While Laika may have made a highly mechanized and technological endeavor more human, she also became inseparable from it. Without her capsule to provide oxygen, proper atmospheric pressure, and temperature control, Laika would not have survived in orbit for any length of time. That, along with the sensors implanted in her body and attached to the satellite for data transmission back to Earth, we have in Laika the union of the biological and the technological. The satellite was built around the dog, not the other way around, and in it she became part of it, just as it became part of her. Its fate was bound to her fate, satellite and dog.

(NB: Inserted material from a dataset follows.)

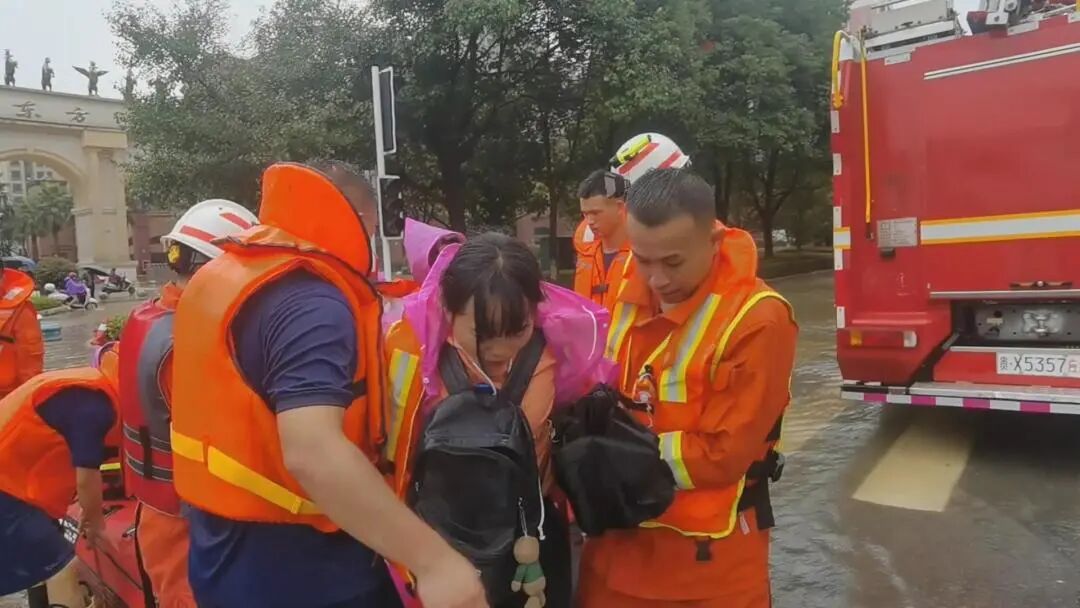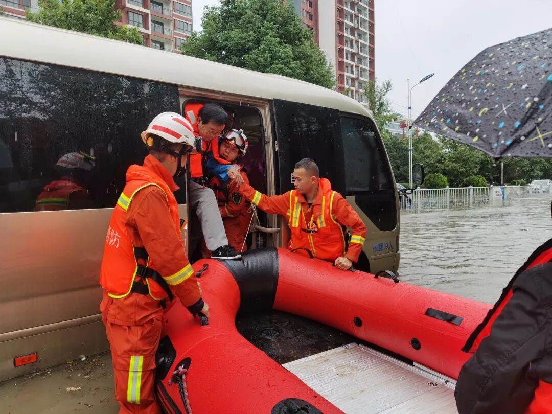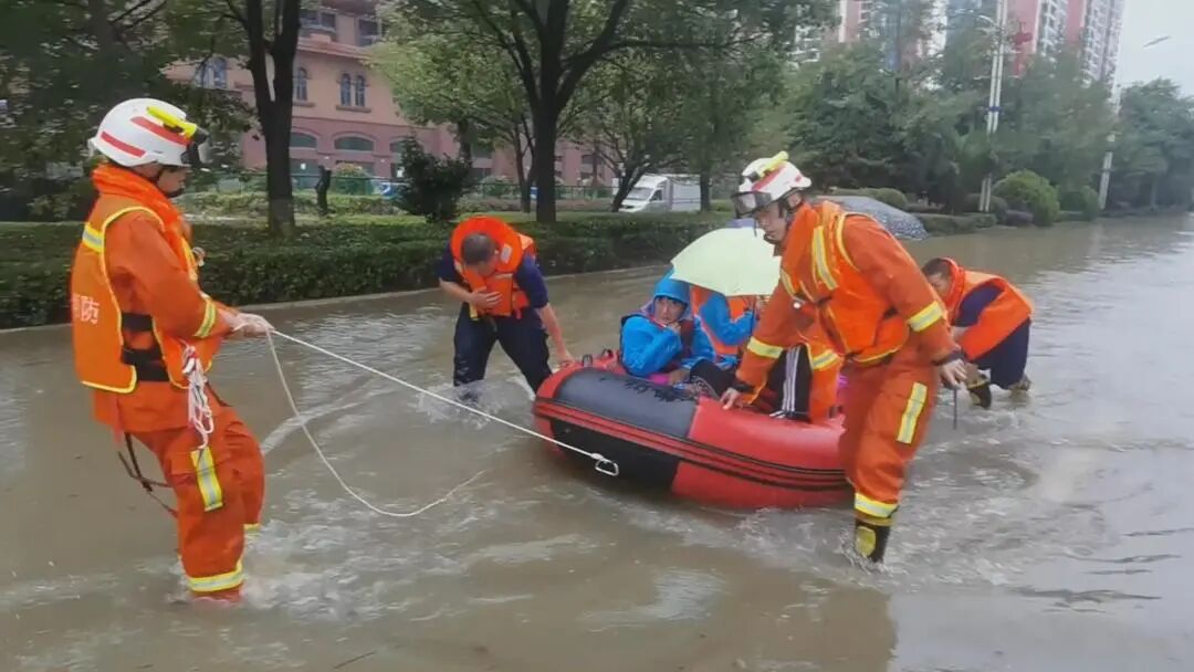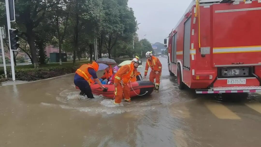 城市内涝 消防员雨中化身“纤夫”转移16名被困乘客
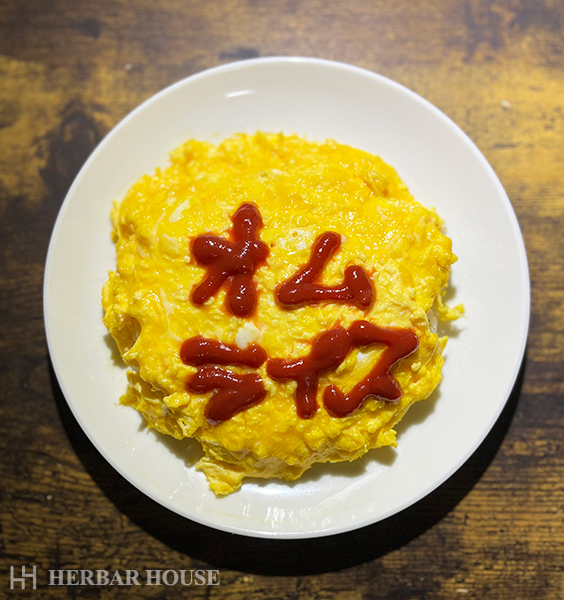 仕上げにケチャップで「オムライス」と描きました!

Within three years after Laika’s flight, NASA scientists Manfred Clynes and Nathan S. Kline coined the term “cyborg” to describe a biological organism integrated with artificial components or with technology. The purpose of such an integration, as they saw it, was not to make the biological organism more like a machine but to make it a better version of itself. In their 1960 paper “Cyborgs and Space,” Clynes and Kline asserted that instead of building complex environments inside which humans might travel in space and live on alien worlds, the better path was to alter humans so that we might manage such environments. Integration with technology would free us from it, they surmised, allowing us “to explore, to create, to think, and to feel.” In altering the way our physical bodies work and the kinds of environments we can tolerate, we would alter too the meaning of being human. We would broaden and expand what we call the human spirit. “Space travel challenges mankind not only technologically but also spiritually,” Clynes and Kline wrote, “in that it invites man to take an active part in his own biological evolution.”

We have become so dependent on technology in the twenty-first century that we can hardly get through a day without it. We have developed artificial components for the body: knees, hips, pacemakers, heart valves, and in some cases computer chips. We are attached to our automobiles, which are increasingly driven by computers and integrated with our handheld computers, our mobile phones. We are inseparable from those mobile phones, which serve our social, economic, political, and educational needs. Our phones are our identity, or at least our identity—who we say we are, and who we wish to be—is expressed through our phones. We are so integrated with our technology that it may soon be appropriate to call ourselves cyborgs. Laika in her capsule may stand as an origin point and as a symbol for this new way of being in the world, this new way of being in the cosmos.